Please retype the data below exactly, stopping after the line with "(Above) Kansas members" and skipping every picture.

• _Data provided_:
>>
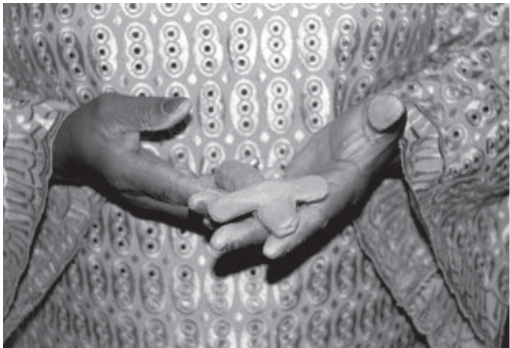
Participant in Global Consultation on Diaconia molds clay into a cross during meditation, Johannesburg, South Africa, November 2002.

The three-year LWF action plan, "Compassion, Conversion, Care: Responding as Churches to the HIV/AIDS Pandemic," was launched in 2002 in response to the urgent
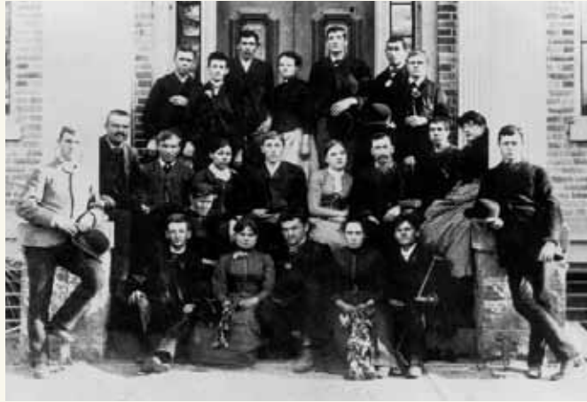
Seek ye diligently and teach one another words of wisdom; yea, seek ye out of the best books words of wisdom; seek learning, even by study and also by faith. Doctrine and Covenants 88:118

We invite you to EXPLORE this tradition of learning that seeks to educate the whole soul; DISCOVER the rich heritage of education in The Church of Jesus Christ of Latter-day Saints; BE INSPIRED by the stories of faith, sacrifice, and strength; and REFLECT upon your own commitment to lifelong learning as you spend time in the open gallery space.
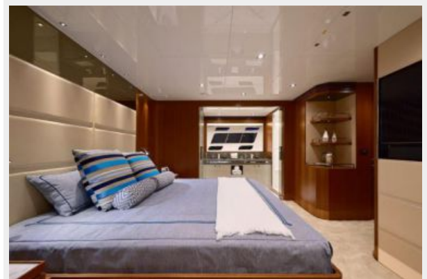
Master Stateroom II
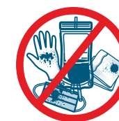
No medical waste
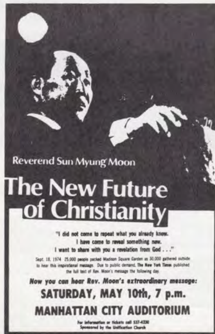
(Above) Kansas members hold rally for Manhattan Day of Hope. (Below) A variety of posters and handbills was used.
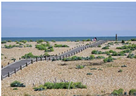
The Fifth Continent will restore and protect habitats on the Kent coast

Alongside restoration works, a programme of events and activities is lined up, including town tours, storytelling sessions, a Blue Plaque scheme and traditional skills workshops.
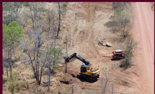
MDM relocating a Boab tree along the Argyle pipeline
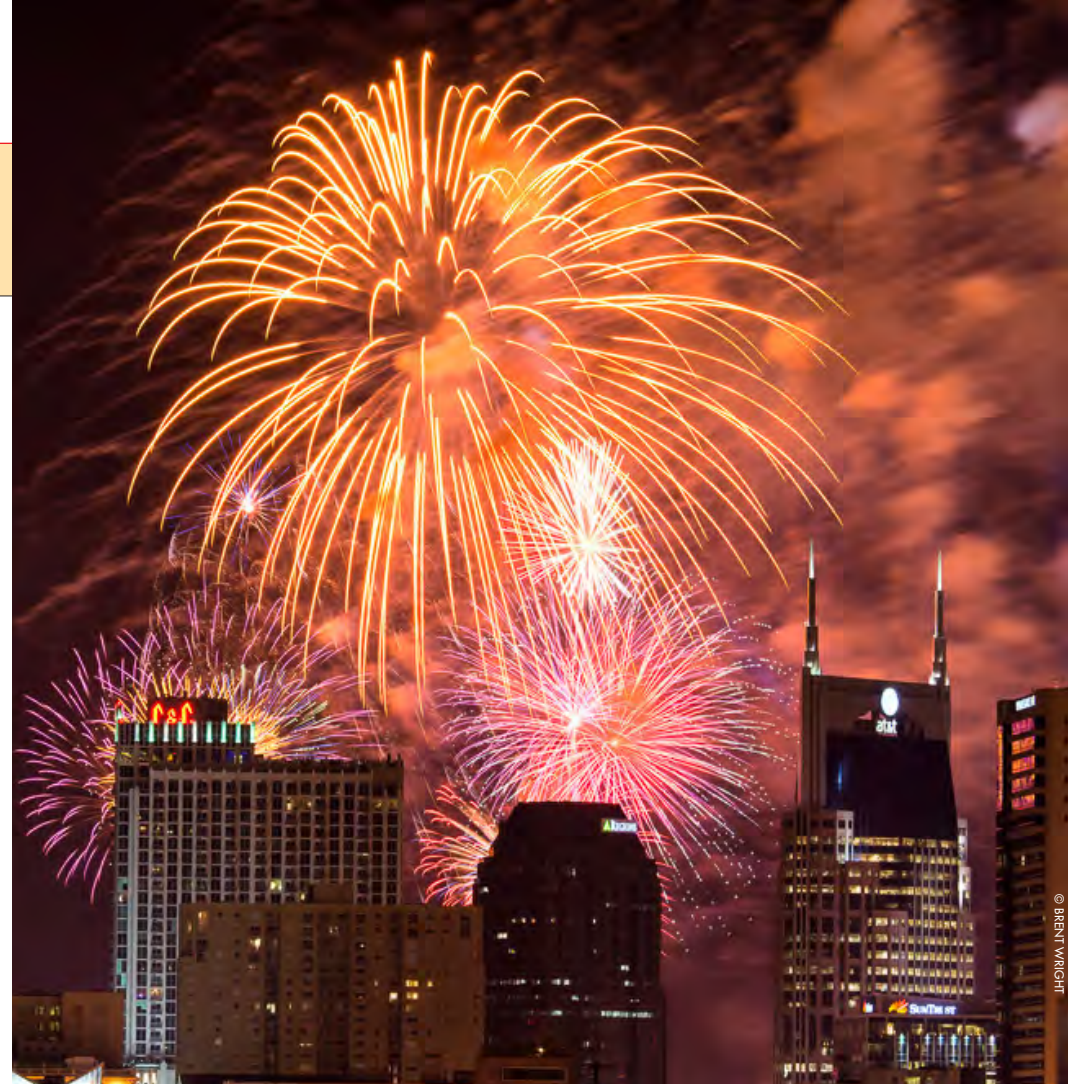
2014 FIREWORKS AND THE NPC MEMBERS WHO SHOT THEM

The Digital Group meets 6:00pm Tuesday of each month, March through October.
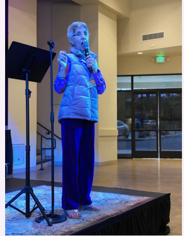
Shelter from the Storm Representative
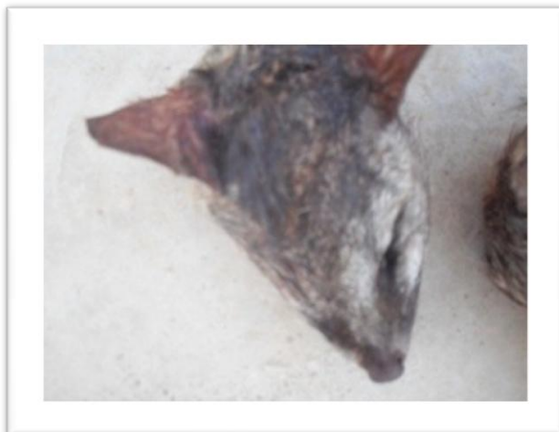
Plate III. Photograph of head of a mongoose (Mungos mungo).
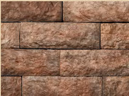
Desert Sunset Luxor
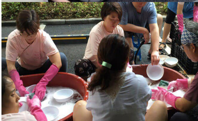
Food preparation team making rice and doing dishes
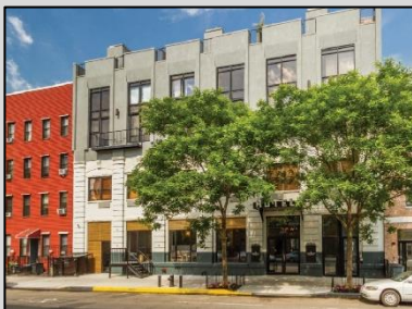
Hospitality Recapitalization Brooklyn, NY

Recap and Conversion of a 120- Room Hotel to Multifamily
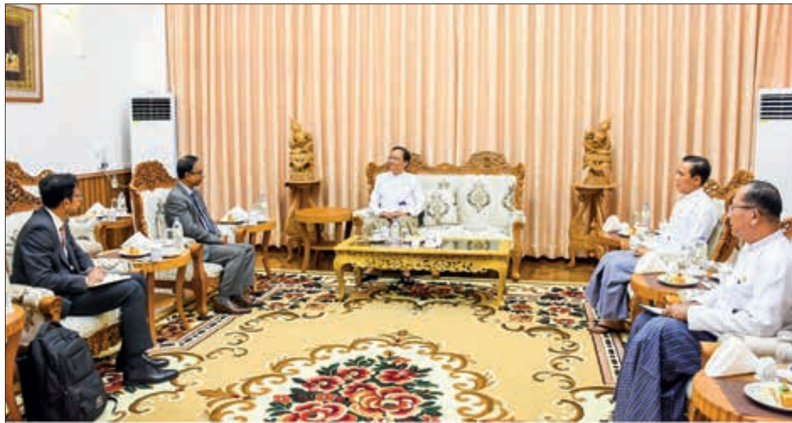
The Bangladeshi ambassador calls on Union Minister Dr Thet Khaing Win yesterday.
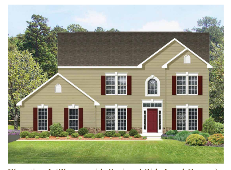
Elevation 1 (Shown with Optional Side Load Garage)
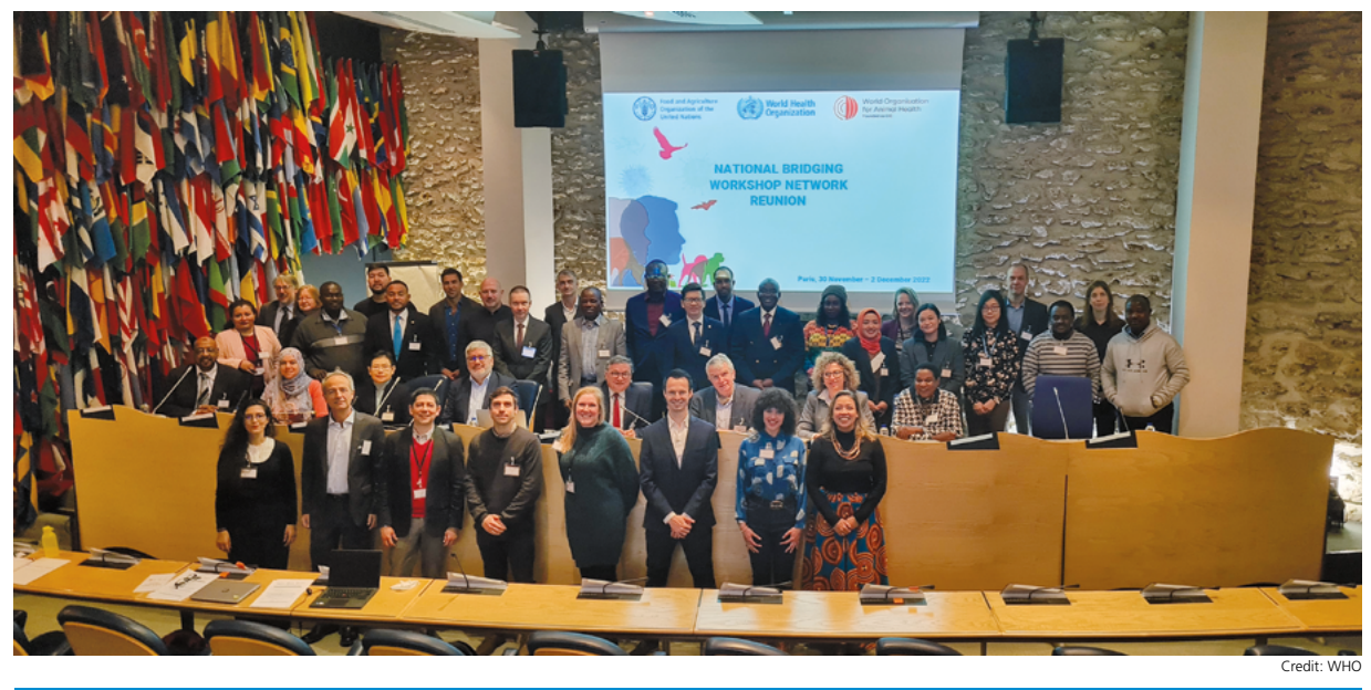
Figure 9: Members of the NBW network present at the NBW Reunion in Paris, France (December 2022)

The NBW Programme is implemented by a vast network constituted of representatives from all over the world from the three organizations (WHO, FAO and WOAH) at the three levels (Headquarters, Regional and National). Authors would like to thank all the contributors involved in this program for their daily efforts in supporting countries in the operationalization of the One Health approach.
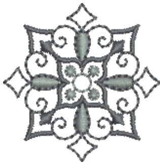
FS381_48 Floral Element Medium 1.59 X 1.59 in. 40.39 X 40.39 mm 2,191 St. ❁
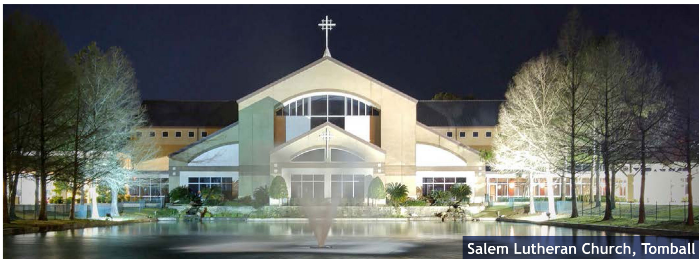
Salem Lutheran Church, Tomball
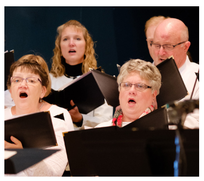
Mixed Choir members singing for worship.

At Southwood, we believe that worship is central to our life as a Christ follower. In worship we center our praise on God and this reminds us that God is at the center of our whole life!
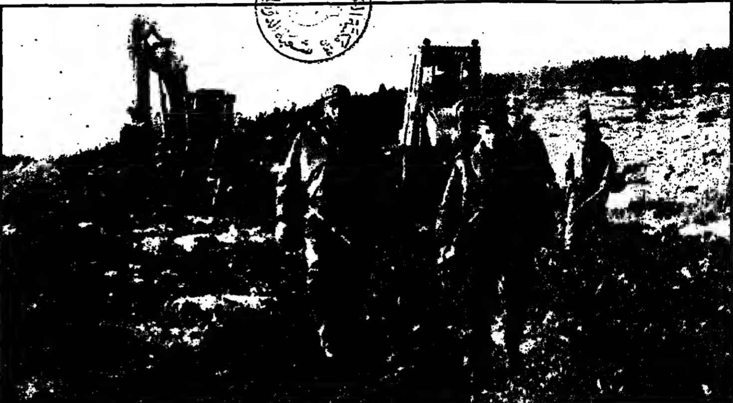
Border policemen protect construction equipment on Har Homa yesterday. (Brian Hender)

army helicopters circling overhead, was deployed throughout the area and on the roads leading to the site, as police and the IDF were on full alert for any distur-
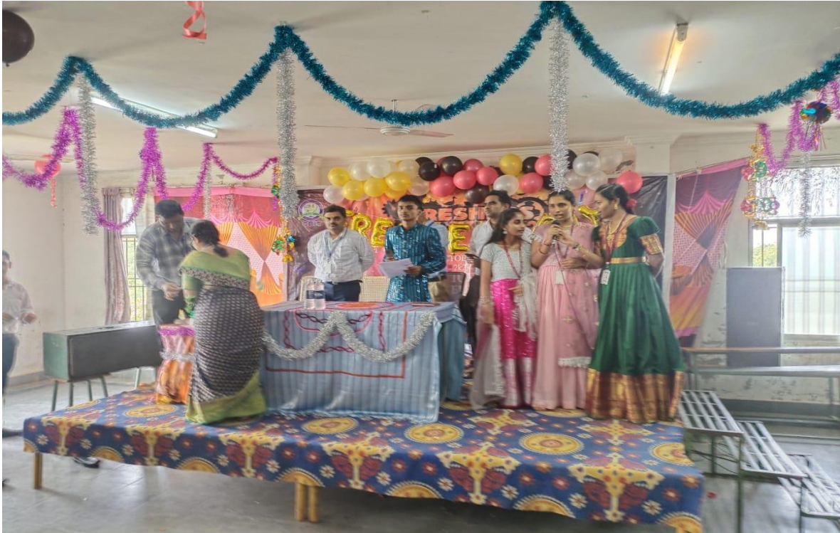
LIGHT LAMPNING IN DEEE BRANCH

(Approved by AICTE New Delhi, Permanently Affiliated to JNTUA, Anantapuram) Accredited by NAAC & Recognized by UGC under the section 2(f) and 12 (b) of UGC Act, 1956 VIDYA NAGAR, PALLAVOLU (V), PRODDATUR-516360, Y.S.R (Dt), A.P
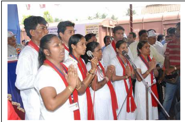
Welcome song being performed by a group of volunteers from NGO, Zindagi-Goa
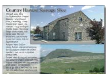
Country Harvest, Ingleton, North Yorkshire
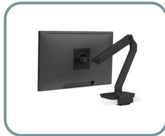
MXV Desk Arm, Low-Profile Top Mount C-Clamp 45-607-216 (white) 45-607-224 (matte black)
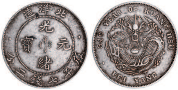
1675* China, Empire, Chihli Province, silver dollar, Yr 34 (1908) (KM.Y#73.3). Very fine.
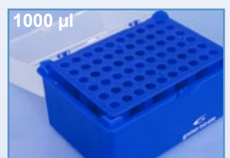
Cat. No.: 941 325

For further information and/or sample ordering please visit our website www.gbo.com or contact us.
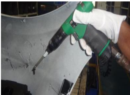
Fig 3: Material Handling

Due to the continuous process in the screw bit the Magnet losses its magnetic strength and there is a possibility of the fall down of the screw and causes some time consumption and concentration of the worker is distraction on the falling screw so there is a possibility of making scratches in the bumpers and some other parts which is handled in the assembly lines. This material handling takes
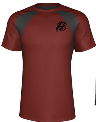
Unisex PE Encore Performance T-Shirt
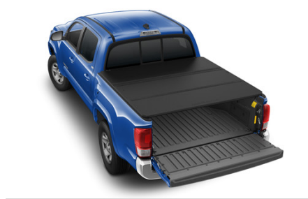
Hard Tri-Fold Tonneau Cover $1,524.12

Create some additional space in your Tacoma's bed with the Bed Extender. It extends over the tailgate, creating even more space in Tacoma's bed for carrying your items. The Extender can also be rotated inward, providing an enclosed cargo area to secure smaller items with the tailgate closed. Made to last with lightweight, high-strength aluminum.
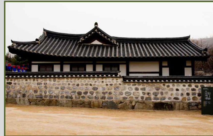
A traditional Korean-style house

ISO 14020 Environmental labels and declarations- General principles
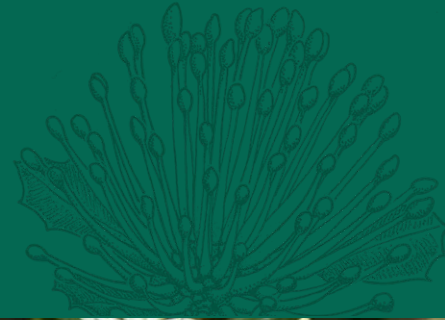
Phebalium daviesii .
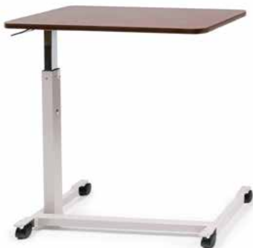
Laminate Top with Vinyl Edges
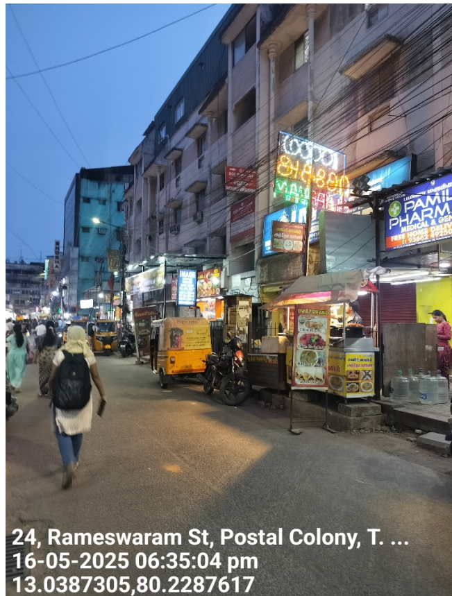
24, Rameswaram St, Postal Colony, T ... 16-05-2025 06:35:04 pm 13.0387305,80.2287617
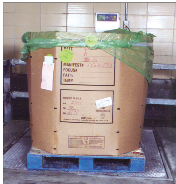
The Aegis Lift Deck is designed to handle high volumes and heavy loads in sanitary, washdown environments.

Capacity . . . . . 1,000 to 5,000 lbs Excitation voltage . . . . . to 15 VDC Construction . . . . . 17-4 PH stainless steel Sealing . . . . . IP69K Approval . . . . . Factory Mutual, NTEP
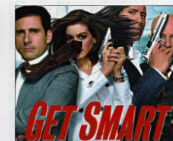
Get Smart On HBO at 9:30pm Genre: Action/ Comedy Cast: Steve Carell, Anne Hathaway
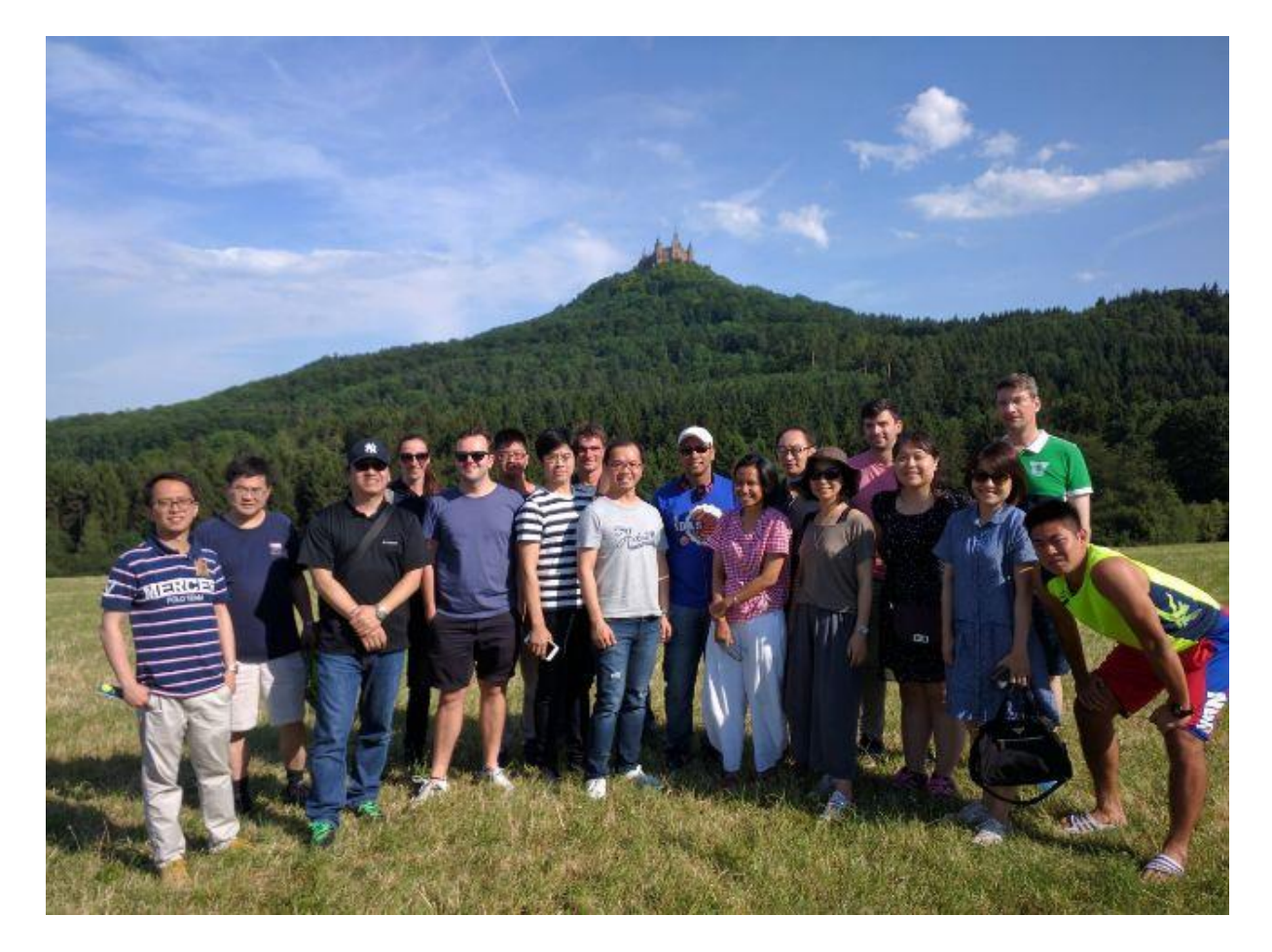
No. 9, December 2017
<<
• _Your solution_:
Participant in Global Consultation on Diaconia molds clay into a cross during meditation, Johannesburg, South Africa, November 2002.

The three-year LWF action plan, "Compassion, Conversion, Care: Responding as Churches to the HIV/AIDS Pandemic," was launched in 2002 in response to the urgent
Seek ye diligently and teach one another words of wisdom; yea, seek ye out of the best books words of wisdom; seek learning, even by study and also by faith. Doctrine and Covenants 88:118

We invite you to EXPLORE this tradition of learning that seeks to educate the whole soul; DISCOVER the rich heritage of education in The Church of Jesus Christ of Latter-day Saints; BE INSPIRED by the stories of faith, sacrifice, and strength; and REFLECT upon your own commitment to lifelong learning as you spend time in the open gallery space.
Master Stateroom II
No medical waste
(Above) Kansas members hold rally for Manhattan Day of Hope. (Below) A variety of posters and handbills was used.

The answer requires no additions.